Pengaruh Penambahan Iota Karaginan pada Ekstraksi Agarosa dari Agar Agar menggunakan Cetyl Piridinium Klorida.

Penulis

  • Subaryono Subaryono Pusat Riset Pengolahan Produk dan Sosial Ekonomi Kelautan dan Perikanan.
  • B.S.B. Utomo B.S.B. Utomo Pusat Riset Pengolahan Produk dan Sosial Ekonomi Kelautan dan Perikanan.
  • T. Wikanta T. Wikanta Pusat Riset Pengolahan Produk dan Sosial Ekonomi Kelautan dan Perikanan.
  • N. Satriyana N. Satriyana Pusat Riset Pengolahan Produk dan Sosial Ekonomi Kelautan dan Perikanan.

DOI:

https://doi.org/10.15578/jpbkp.v9i5.461

Kata Kunci:

Agarosa, Cety piridinium chloride, Iota carrageenan, Extraction process.

Abstrak

Penelitian pemurnian agarosa dari agar‑agar menggunakan cetyl piridinium klorida dengan penambahan iota karaginan telah dilakukan.
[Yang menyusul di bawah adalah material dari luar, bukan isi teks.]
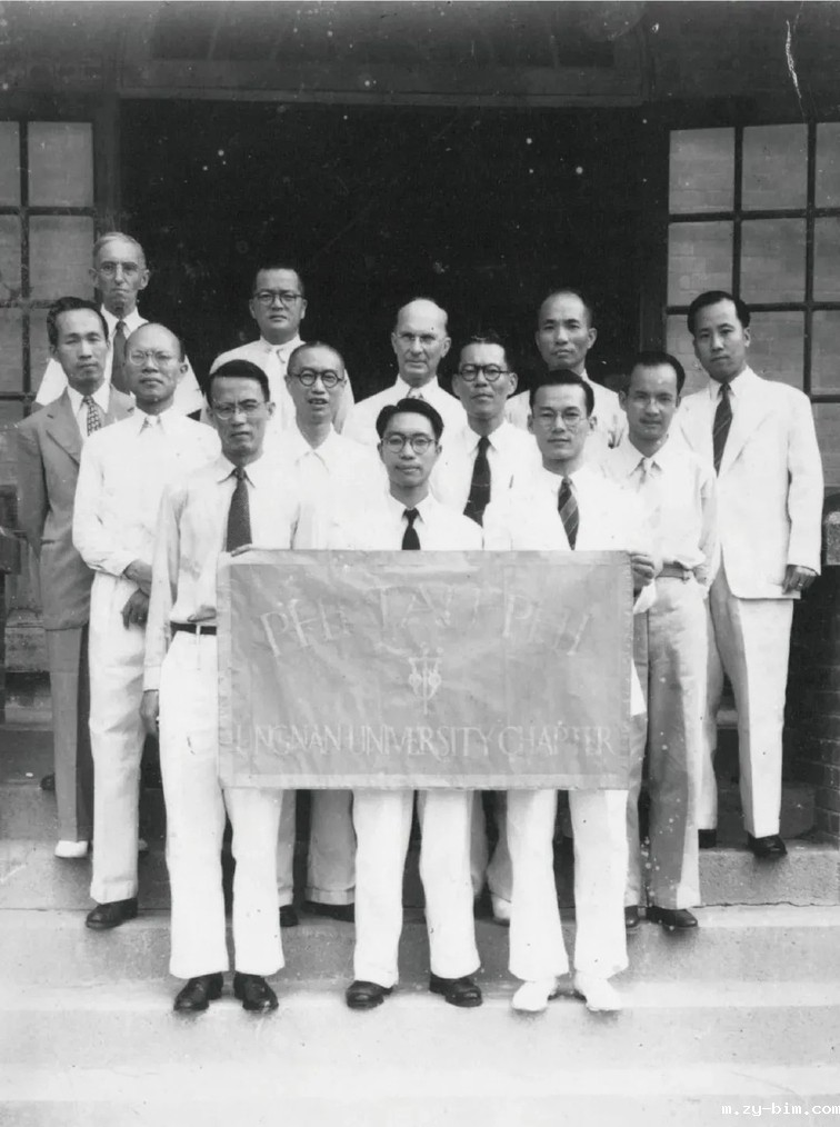 △图四:中华斐陶斐荣誉励学会入学礼,前排正中为黄志坚(1947年)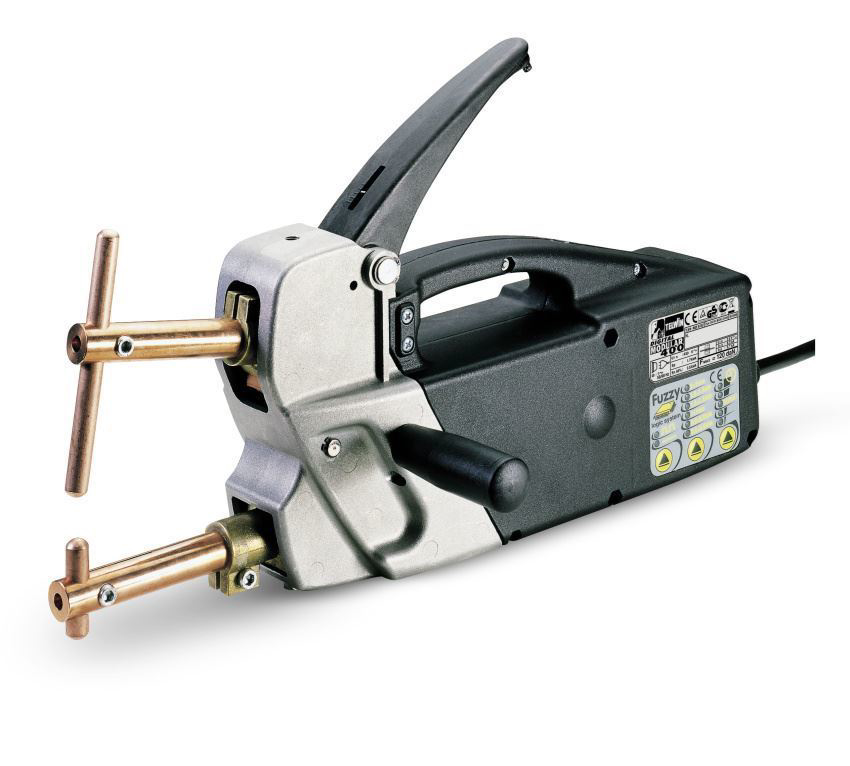Přenosná bodovací svářečka Digital Modular 400 Telwin pro plechy 2+2 mm, 400 V, pulsní a stejnosměrný režim svařovacího proudu. Bodovací kleště pro bodové sváření plechů. Odporová svářečka pro zámečnické dílny.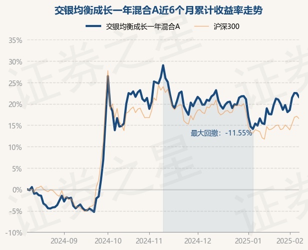 证券之星消息,2月11日,交银均衡成长一年混合A最新单位净值为0.826元,累计净值为0.889元,较前一交易日下跌0.73%。历史数据显示该基金近1个月上涨5.32%,近3个月下跌5.75%,近6个月上涨21.6%,近1年上涨16.8%。该基金近6个月的累计收益率走势如下图: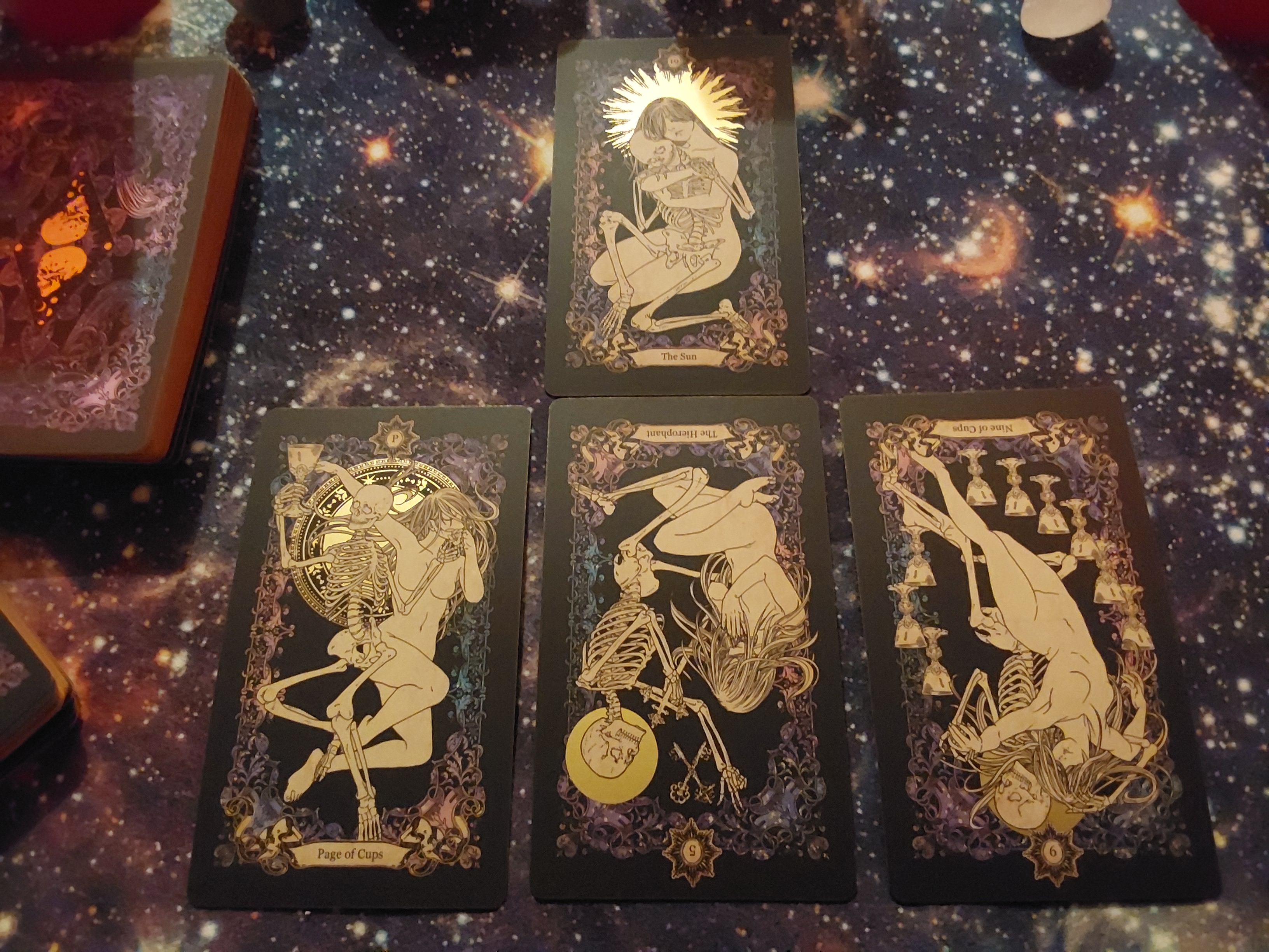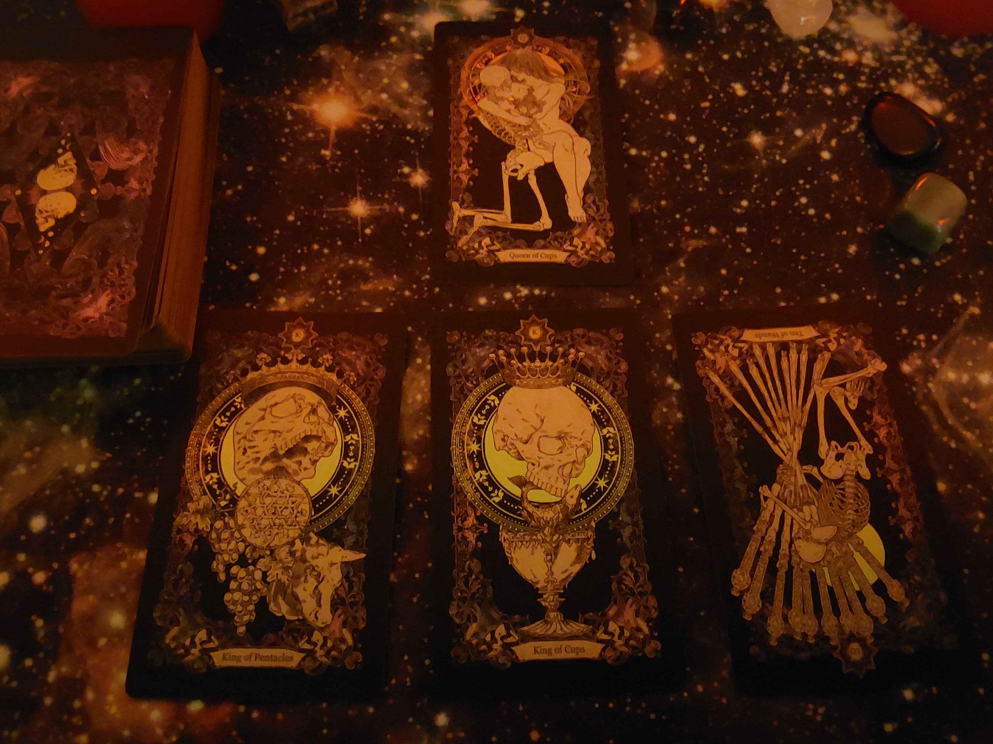 The theme of this reading is Death. This card always gets a bad rap; people think it’s all gloom and doom or someone will die, but the Death card also signifies endings as well as new beginnings. Let’s roll with that.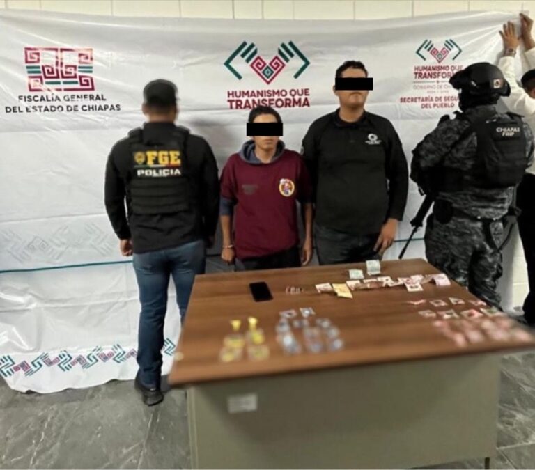 Tuxtla Gutiérrez, Chiapas.- En un trabajo coordinado la Secretaría de Seguridad del Pueblo (SSP), la Fuerza de Reacción Inmediata Pakal (FRIP), la Policía de Investigación (PDI), la Fiscalía General del Estado (FGE), la Secretaría de Seguridad y Protección Ciudadana (SSPC) y la Comisión Nacional Antisecuestros (CONASE); lograron la detención, Luis Fernando “N” de 19 años y Victor Manuel “N” de 24 años, por su presunta participación en el delito contra la salud en su modalidad de posesión con fines de comercio en agravio de la sociedad, también conocido como narcomenudeo.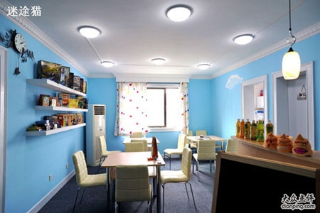2、上周日临时决定去的,点评网上看到就过去了,店里放着蓝调音乐,环境很好啊,有点咖啡吧的气氛,两个包厢都有客人,倒饮料的时候瞅了一眼,有圣诞钟,房间很漂亮呀,下次人多可以订,老板娘教了风声,真是费脑子啊,不过还是很欢乐,后面大家拼桌玩狼人,还有狼人灯,就是有点小了,送了奶茶爆米花,真是不错!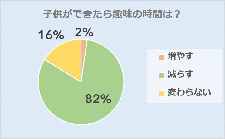 趣味の時間も使う金額も、子供が出来たら「減らす」という人がそれぞれ80%以上を占めました。オタクと言えど、さすがに今のような不安定な世の中では先を考え冷静に対応せざるをえないという認識が伺えます。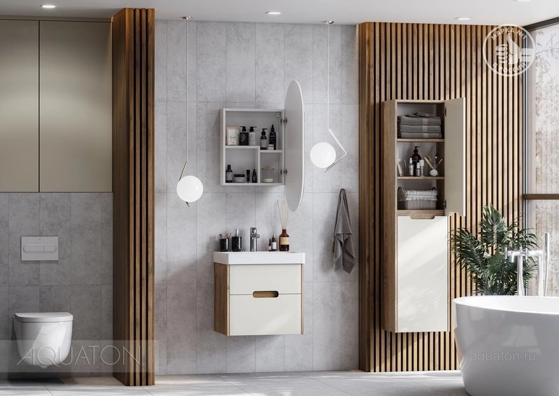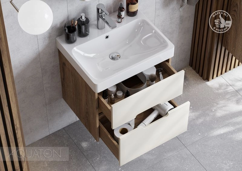 Тумба комплектуется удобной современной керамической раковиной Адриана от бренда Santek.

Faktor    yang diteliti adalah besarnya penambahan iota karaginan yang digunakan dalarn proses tersebut ( 0%; 0,5% ; 1%; 1,5%   dari  bobot  rumput   laut kering) terhadap kualitas agarosa yang dihasilkan. Parameter yang diamati meliputi rendemen  agarosa,  kadar air,  kadar sulfat,  kadar 3,6‑anhidro‑galaktosa, kekuatan  gel,  suhu  pembentukan  gel,  dan  suhu  pelelehan  gel.  Hasil penelitian menunjukkan bahwa konsentrasi iota karaginan yang paling baik digunakan pada proses tersebut adalah  1 %, yang  menghasilkan agarosa dengan kadar sulfat sebesar 0,59% dan kekuatan gel sebesar 188,14 g/cm'. Perlakuan tersebut tidak   memberikan   pengaruh   yang  nyata   terhadap rendemen, kadar air,  kadar  3,6‑anhidro‑galaktosa, suhu pembentukan gel dan suhu pelelehan gelnya.